# ACTIVITY
Scan the records below for the line with "二是整个广场的高度比东西两边" and the line with "更为关键的是,比亚迪于新能源", and retype that range exactly, both ends included, pictures excepted.

# GIVEN DATA
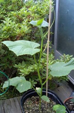 きのうは夜まで、サウナのような暑さでした。 35℃を越え、こっちでは過去3番目の高温だったそうです。 どこへも出かけられず、クーラーをかけて家に閉じこもっていました。 夜、少々あたりを散歩しましたが、このときも暑くてたまらなかったです。 今日はそれから一転、未明から雨が降り、いまは雷雨になっています。 少しは涼しくなり、ほっと一息。 このところの暑さは、梅雨明け以上でした。 それで良かったのは、キュウリがみるみる成長してくれたことです。 7月末に、低温の影響で、こんなに小さかったのが・・・ 8月の暑さで伸び始め、支柱のてっぺんで芯を摘んだら・・・ 鳥よけネットに勝手に絡み始め、ぶら下げたコンドルまで巻き込んで、 いまでは物干し竿まで伸びました。この間、20日くらいでした。 今日、はじめて夏キュウリの一番果をとりました。 株を弱らせないため、1本目は15センチ程度の、小さい収穫です。 洗ってマヨネーズをつけて食べました。甘くておいしかったです 遅まきのため、収穫期間は短いです。9月までとれるといいな。カッパルンパラッタカッパが狙っている・・・かも ところで、このキュウリは地這いだったんです(^_^;) 這わせるスペースがなくて支柱とネットに絡ませました。 どうなるのかと思っていたけど、なんとか育ってくれるものなんですねー。
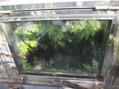 見た目、廃家のような風貌。内部立ち入りできません。アーチ型透しガラス窓から中が覗けます。レンガ造りの構造が垣間見ることができます。
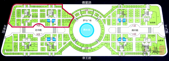 二是整个广场的高度比东西两边的德星路和康王路都要高,就像一个平地上的孤岛,相对于车水马龙的路来说更是阳气十足。
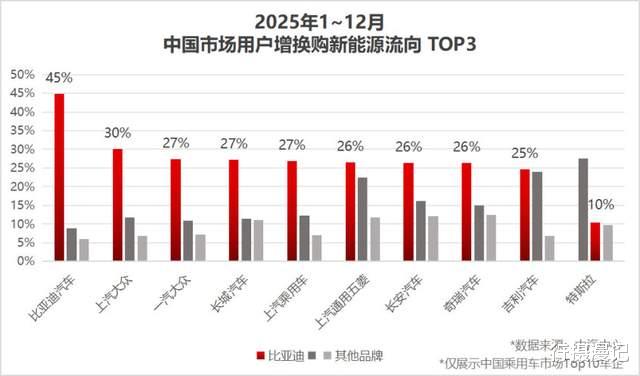 更为关键的是,比亚迪于新能源增换购市场构建起强大的“虹吸效应”。无论是比亚迪自身的老车主,亦或是主流合资、自主品牌车企的用户,在进行新能源车型置换时,皆将比亚迪列为首选品牌。
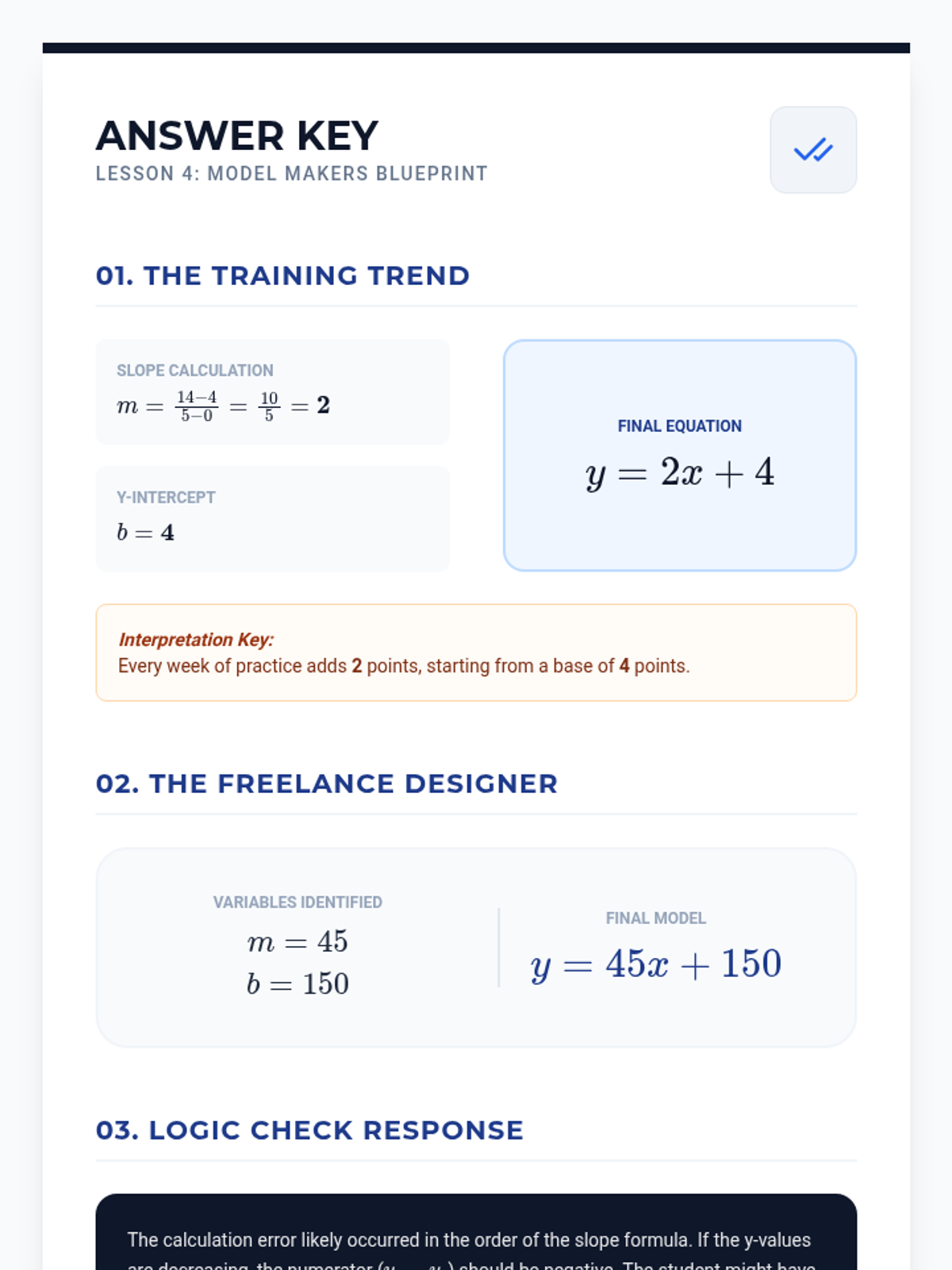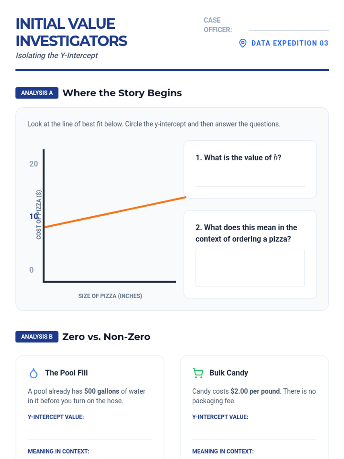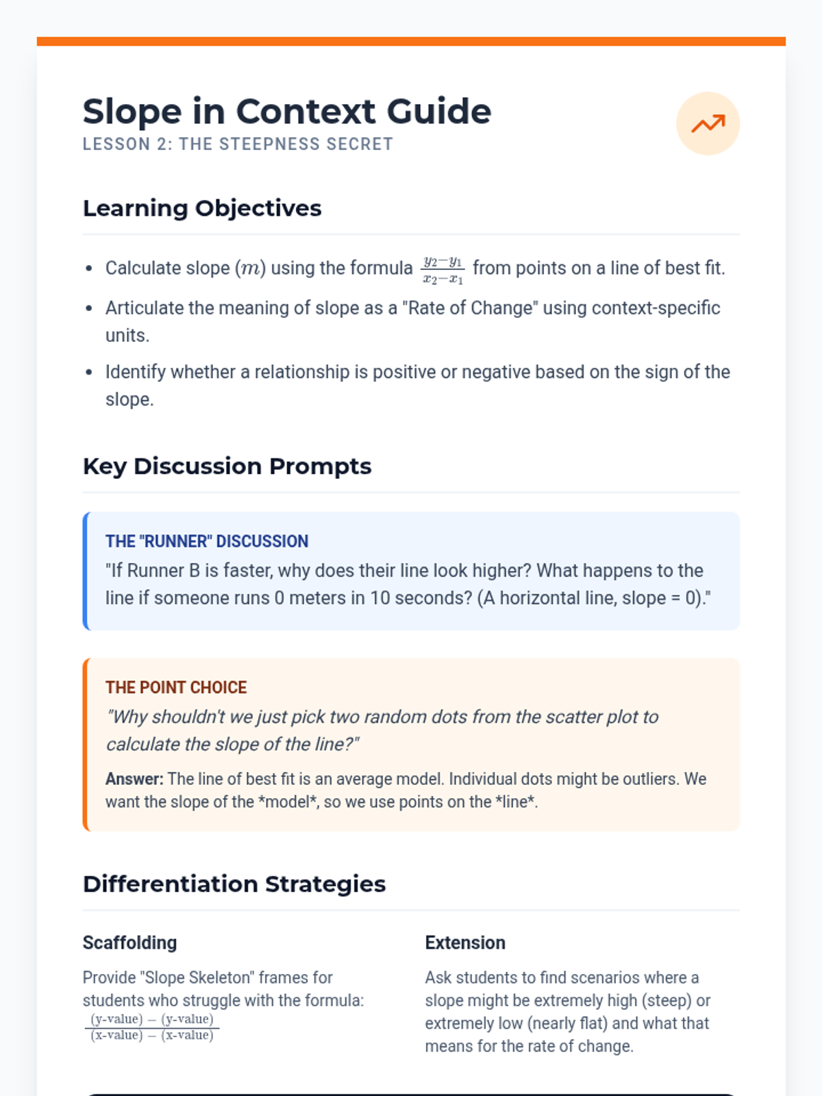 A comprehensive 5-lesson unit for 8th-grade students on interpreting linear models. Students progress from drawing lines of best fit to calculating slope and y-intercept in context, culminating in writing full equations and making predictions through interpolation and extrapolation.
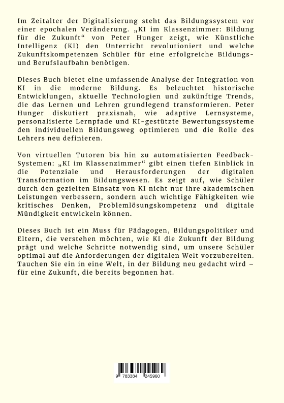 Im Zeitalter der Digitalisierung steht das Bildungssystem vor einer epochalen Veränderung. "KI im Klassenzimmer: Bildung für die Zukunft" von Peter Hunger zeigt, wie Künstliche Intelligenz (KI) den Unterricht revolutioniert und welche Zukunftskompetenzen Schüler für eine erfolgreiche Bildungs- und Berufslaufbahn benötigen.Dieses Buch bietet eine umfassende Analyse der Integration von KI in die moderne Bildung. Es beleuchtet historische Entwicklungen, aktuelle Technologien und zukünftige Trends, die das Lernen und Lehren grundlegend transformieren. Peter Hunger diskutiert praxisnah, wie adaptive Lernsysteme, personalisierte Lernpfade und KI-gestützte Bewertungssysteme den individuellen Bildungsweg optimieren und die Rolle des Lehrers neu definieren.Von virtuellen Tutoren bis hin zu automatisierten Feedback-Systemen: "KI im Klassenzimmer" gibt einen tiefen Einblick in die Potenziale und Herausforderungen der digitalen Transformation im Bildungswesen. Es zeigt auf, wie Schüler durch den gezielten Einsatz von KI nicht nur ihre akademischen Leistungen verbessern, sondern auch wichtige Fähigkeiten wie kritisches Denken, Problemlösungskompetenz und digitale Mündigkeit entwickeln können.Dieses Buch ist ein Muss für Pädagogen, Bildungspolitiker und Eltern, die verstehen möchten, wie KI die Zukunft der Bildung prägt und welche Schritte notwendig sind, um unsere Schüler optimal auf die Anforderungen der digitalen Welt vorzubereiten. Tauchen Sie ein in eine Welt, in der Bildung neu gedacht wird - für eine Zukunft, die bereits begonnen hat.
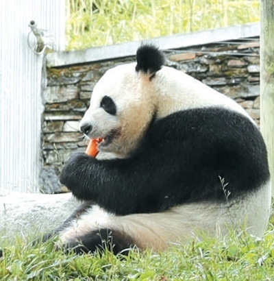 中國臥龍大熊貓繁育中心里的大熊貓在進食。 孫信志攝

# REPLY TO THE EXERCISE
 二是整个广场的高度比东西两边的德星路和康王路都要高,就像一个平地上的孤岛,相对于车水马龙的路来说更是阳气十足。
 更为关键的是,比亚迪于新能源增换购市场构建起强大的“虹吸效应”。无论是比亚迪自身的老车主,亦或是主流合资、自主品牌车企的用户,在进行新能源车型置换时,皆将比亚迪列为首选品牌。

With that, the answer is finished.